Таким коротким извещением, то и дело попадающимся в наших газетах, обыкновенно заканчивается, так сказать, Одиссея большинства современных героев. Как рок в древних трагедиях, нежданно рушатся на голову их эти немногие, но многознаменательные слова, и — всему конец! Вчера — блеск и торжество, сегодня — мрак и отчаяние; вчера — Дюссо и Шармер, сегодня — голод и фрак татарину; вчера — маргарита и шампанское, сегодня — косые взгляды товарищей и холодность нежнейшей подруги! О боже! скольких превратностей исполнен мир!..
Но попробуем хоть наскоро пробежать эту Одиссею, эту длинную цепь самых прихотливых похождений.

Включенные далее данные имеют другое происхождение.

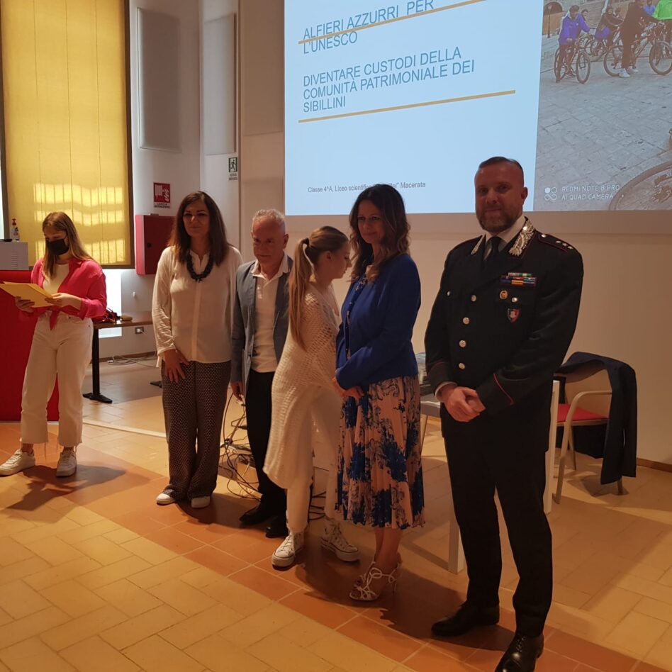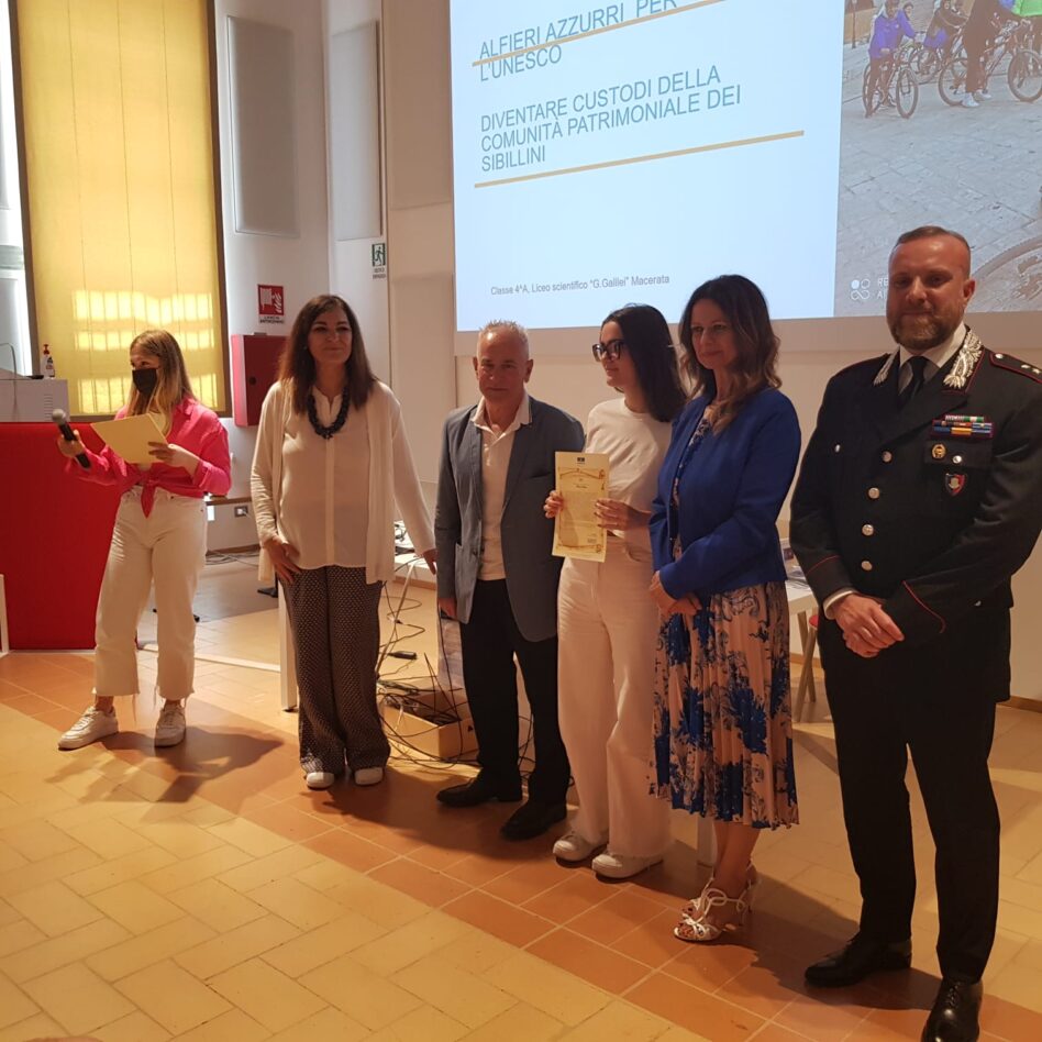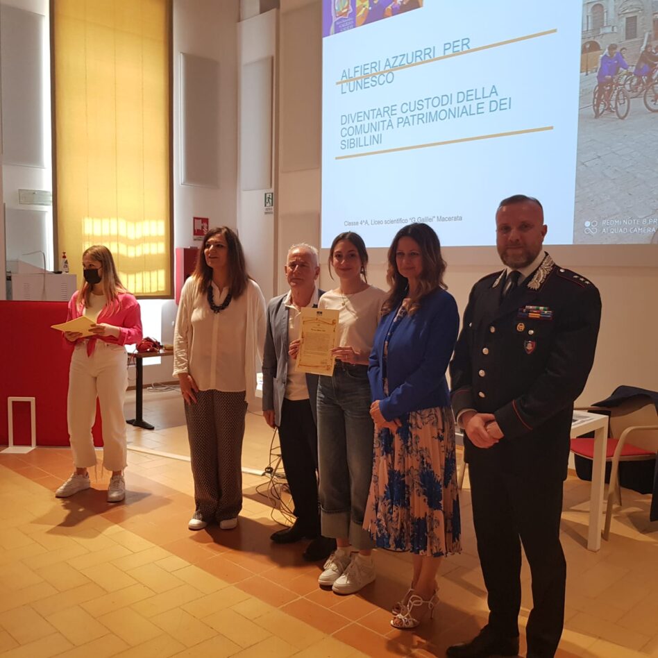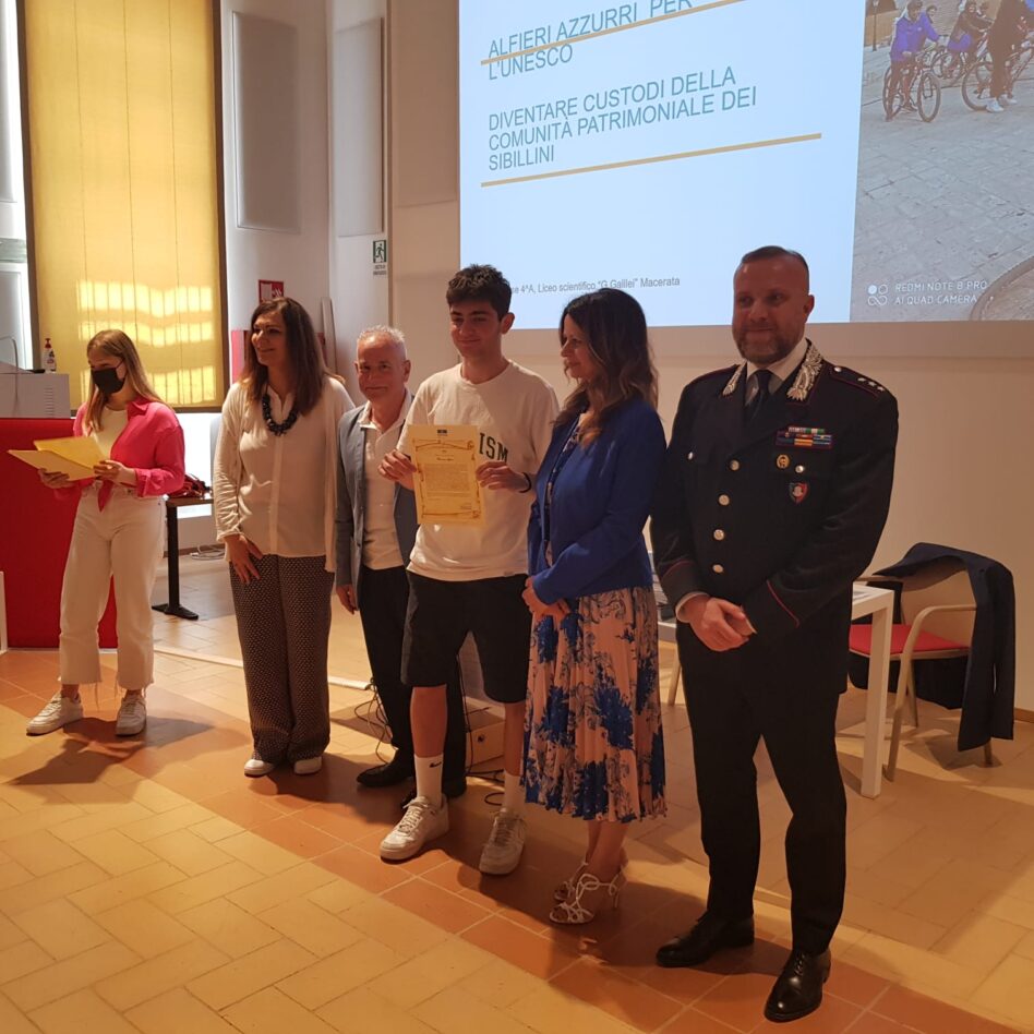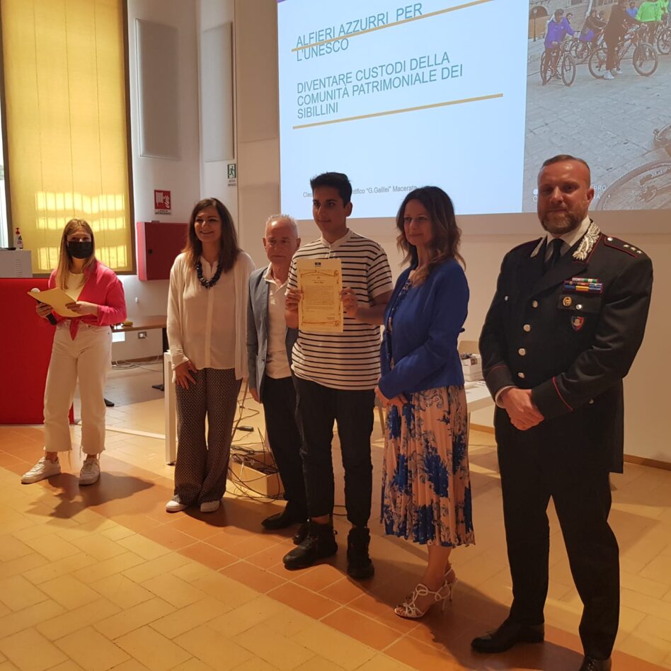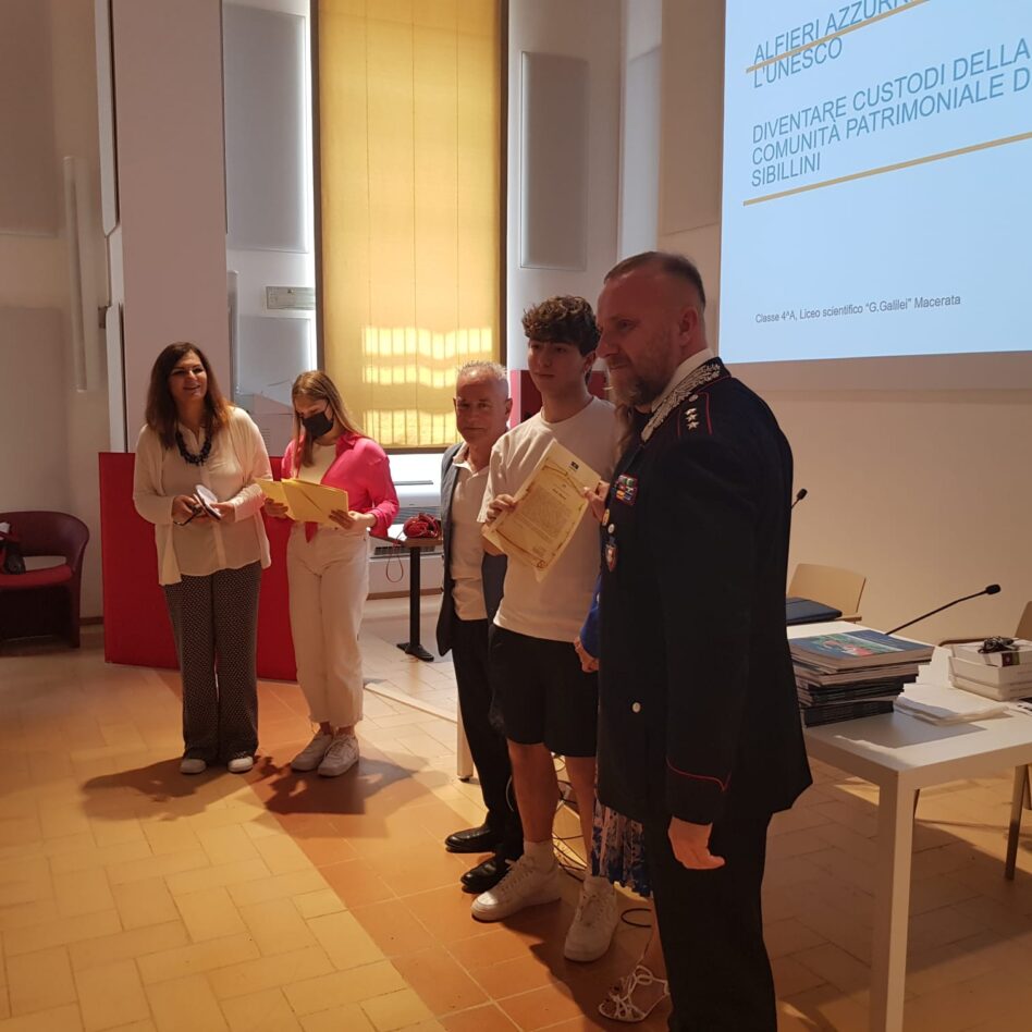 Nella cornice dell’Auditorium della Biblioteca Mozzi Borgetti di Macerata, alla presenza dell’ Ospite d’onore Cap. Mattia Ivano Losciale, Comandante del Nucleo Carabinieri Tutela Patrimonio Culturale di Ancona, si è svolta la cerimonia di consegna degli attestati di “Alfieri Azzurri per l’UNESCO” agli studenti della Classe IV A del Liceo Scientifico “Galileo Galilei” di Macerata. Gli studenti, nel corso dell’anno scolastico, hanno sviluppato con la docente di storia e filosofia, Prof.ssa Stefania Monteverde, un percorso didattico multidisciplinare di conoscenza dell’UNESCO e di esperienza sul territorio alla scoperta dei Patrimoni storici, culturali e ambientali dei Sibillini e delle Terre Appenniniche, candidate al programma MaB per il riconoscimento di Riserva della Biosfera UNESCO.
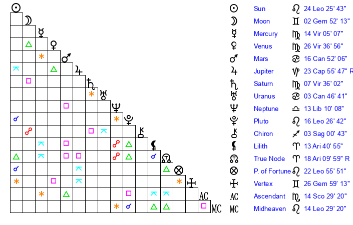 | Moon | 2 Gemini 43 | 14 Gemini 37 | 23 Pisces 51 |
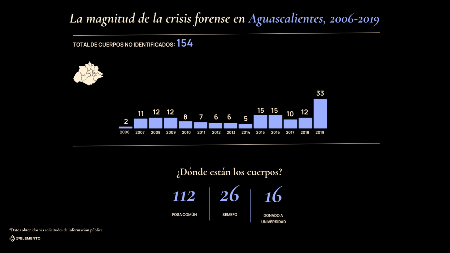 En Jalisco hay oficialmente 3 mil 682 personas sin identificar, una tercera parte de las 11 mil 97 personas desaparecidas en ese estado hasta octubre del 2020. En contraparte, Aguascalientes tiene un registro de 255 personas desaparecidas, aunque la Fiscalía estatal reconoce sólo 110.
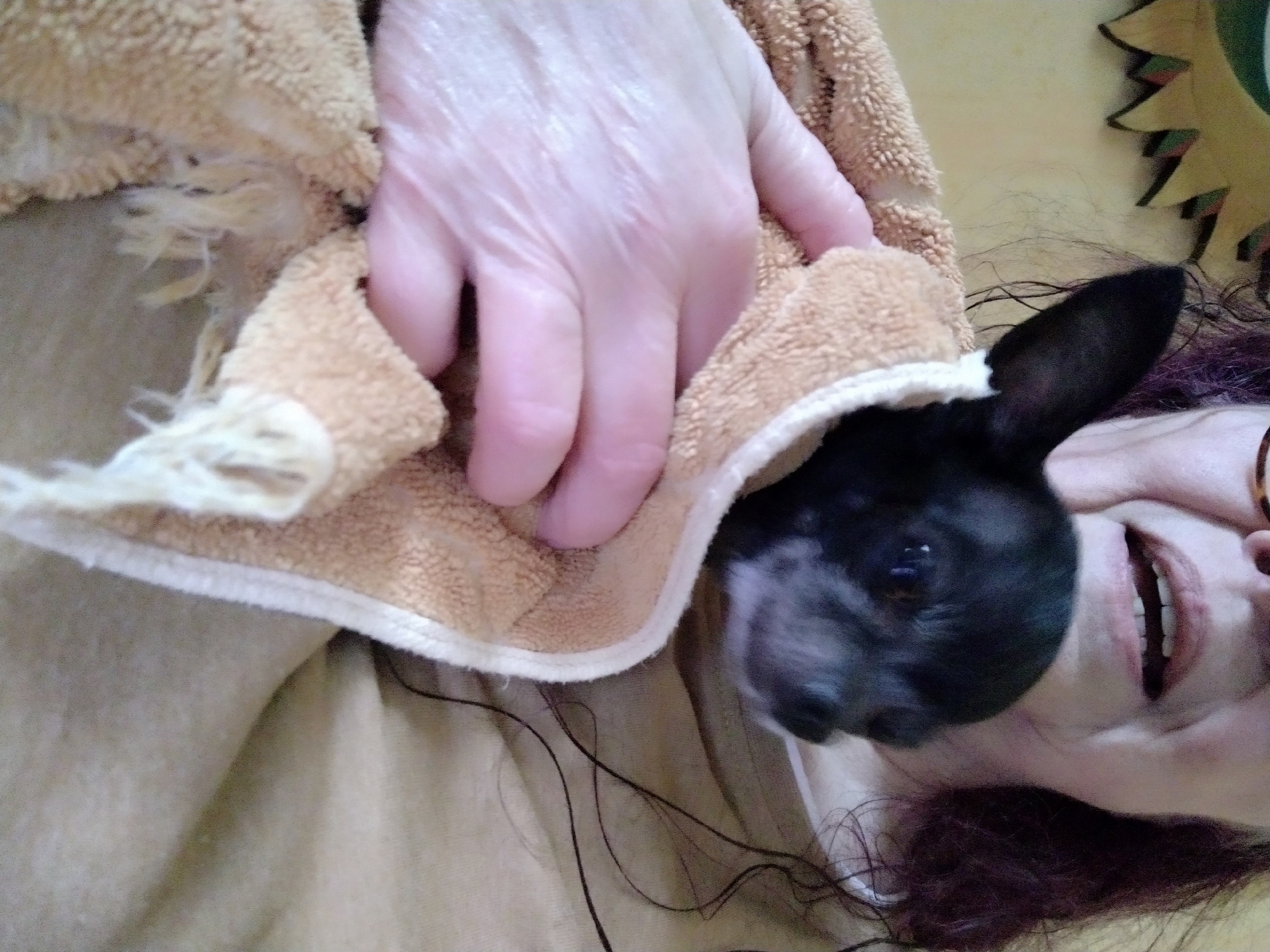 The image depicts an indoor scene in Dortmund, Germany. An adult individual, whose upper facial features from the mouth upwards are visible, is holding a small, dark-furred animal. The individual has fair skin, brown-framed eyeglasses, and dark reddish-brown, possibly wet, hair. Their mouth is slightly open, revealing upper and lower teeth. The animal, appearing to be a small dog or puppy, is predominantly black with dark eyes and upright ears, its head oriented towards the right of the frame. It is wrapped in a light tan terry cloth towel, which appears somewhat frayed at the bottom edge. The individual's left hand is visible, securing the towel around the animal. The background consists of a plain light yellow wall, with a partial view of a decorative sun-shaped wall hanging, featuring yellow, green, and red/brown segments, in the upper left quadrant.

Петруше (он-то и есть герой) пятнадцать лет; знает Петруша отлично по-французски, неважно, но знает и по-немецки, кое-что смыслит по-английски: он высок ростом, хорошо сложен, недурно танцует, берет несколько аккордов на фортепьяно и очень занят собой, что немало радует maman: «Петруша должен иметь успех в свете», — говорит она. Нужно заметить, что те прекрасные качества, которые мы привели сейчас, Петруша получил под кровом родительским, под надзором гувернера, где-нибудь в Тамбове, Нижнем, Саратове или подобном губернском городе. Естественно, что при всем видимом совершенстве всех качеств, герою нашему недостает, однако, качеств более совершеннейших… ну, науки там, что ли, а наука, как известно, в губернии не водится, потому на семейном собрании и положено — отвезти Петрушу в Петербург для дальнейшего образования.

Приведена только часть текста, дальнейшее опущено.